Hamiltons : Erwin Olaf : Bigger Than Life

Hamiltons : Erwin Olaf : Bigger Than Life
Hamiltons : Erwin Olaf : Bigger Than Life

Hamilton present Erwin Olaf : Bigger Than Lifea celebration of Olaf’s life and photographic work. The exhibition features important works from the artist’s four-decade career, including works from series such as Chessmen, Im Wald, Palm Springs, Paradise et Griefas well as a selection of self-portraits. It is a monumental celebration of the artist’s contribution to the visual arts and his long-standing friendship with Hamiltons Gallery.

Erwin Olaf died in 2023. In one of the artist’s last conversations with Shirley den Hartog, his right-hand man and studio executive, he said he wanted to be remembered as “bigger than nature “. This exhibition pays homage to this wish.

During his life, Olaf was internationally recognized as an artist whose diverse practice focused on marginalized individuals in society, including women, people of color, and the LGBTQ+ community. In 2019, following the acquisition of 500 works by the Rijksmuseum, Olaf became a Knight of the Order of the Lion of the Netherlands. On this occasion, Taco Dibbits, the director of the Rijksmuseum, described Olaf as “one of the most important photographers of the last quarter of the 20th century”. In fall 2025, the Stedelijk Museum will unveil a major retrospective of Olaf’s works, hailing him as “a free thinker and tireless defender of equal rights and freedom of expression.”

The walls are adorned almost floor to ceiling with Olaf’s works, spanning years and photographic series. The scale of the exhibition is a metaphor for the scale of Olaf’s legacy; an ode to Erwin Olaf as “larger than life”.
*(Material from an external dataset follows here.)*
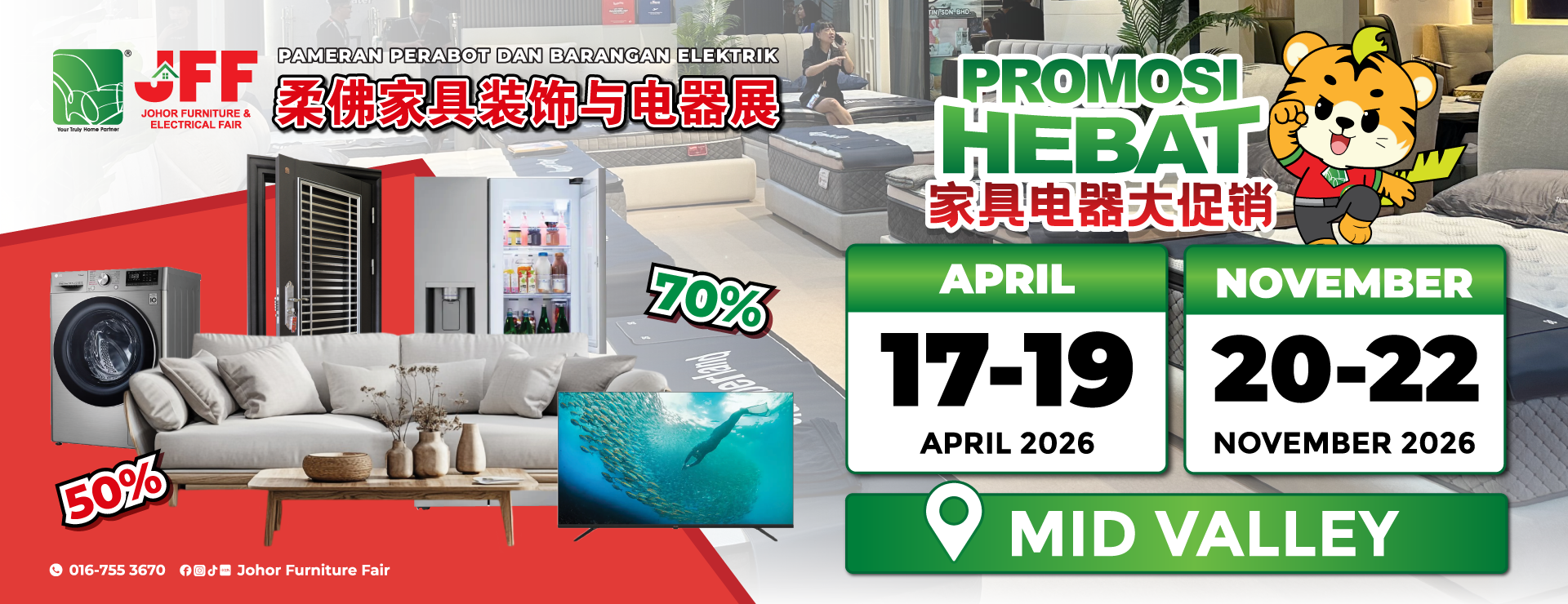 Check out the event highlights we have at Johor Furniture Fair for 3 days only! Be ready & don’t miss out on our exciting events.

Influenced by artists such as Robert Mapplethorpe and Helmut Newton, Olaf’s early works were marked by a clear subversion of social norms, a questioning of taboos and an exploration of sexuality in modern society. Olaf began his career while living in a squat in Amsterdam documenting nightlife in the 1980s, but he soon explored his own series and subjects in black and white and color. As his career progressed, he began photographing surrealist tableau-style images, adopting the role of both director and photographer, opting for a cinematic style imbued with stillness that seeks to express the real emotions and neuroses of the model.
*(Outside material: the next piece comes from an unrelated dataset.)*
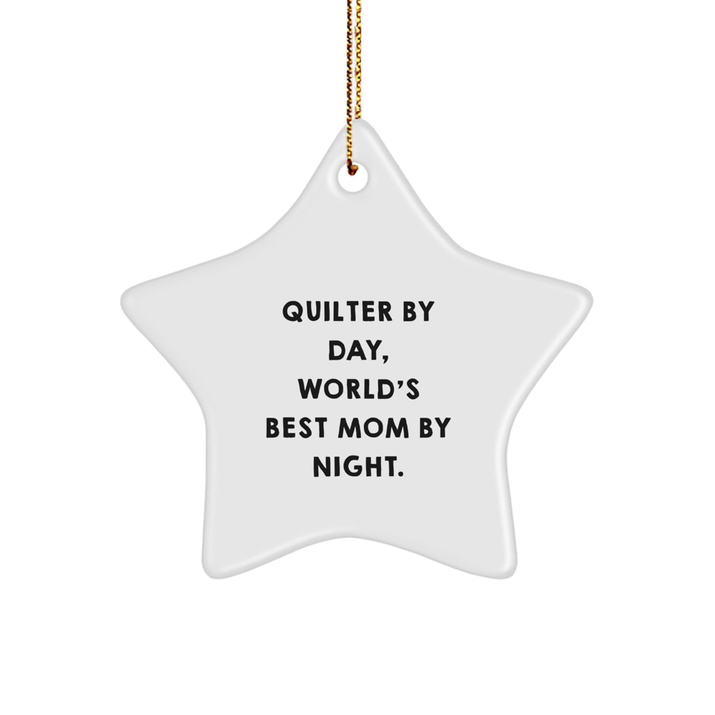 Quilter Gifts, Quilter By Day, World's Best Mom By Night. Funny Star Ornament for Christmas Unique Gifts from Mom to Quilter, Quilter's Unique Gift

Olaf’s very theatrical productions are reminiscent of the early 1960s, highlighted by a diluted color palette. It draws inspiration from this period of major social change, the rise of feminism, a prosperous middle class, globalization and the haunting influence of television in the homes of America’s nouveau riche. Influenced also by his own travels and the feelings of transience and anomie that accompany them, Olaf’s models often look into the distance and evoke a sense of uneasy and disconnected mystery. Their cinematic character reflects Olaf’s evolution as an artist, oriented towards more complex narratives.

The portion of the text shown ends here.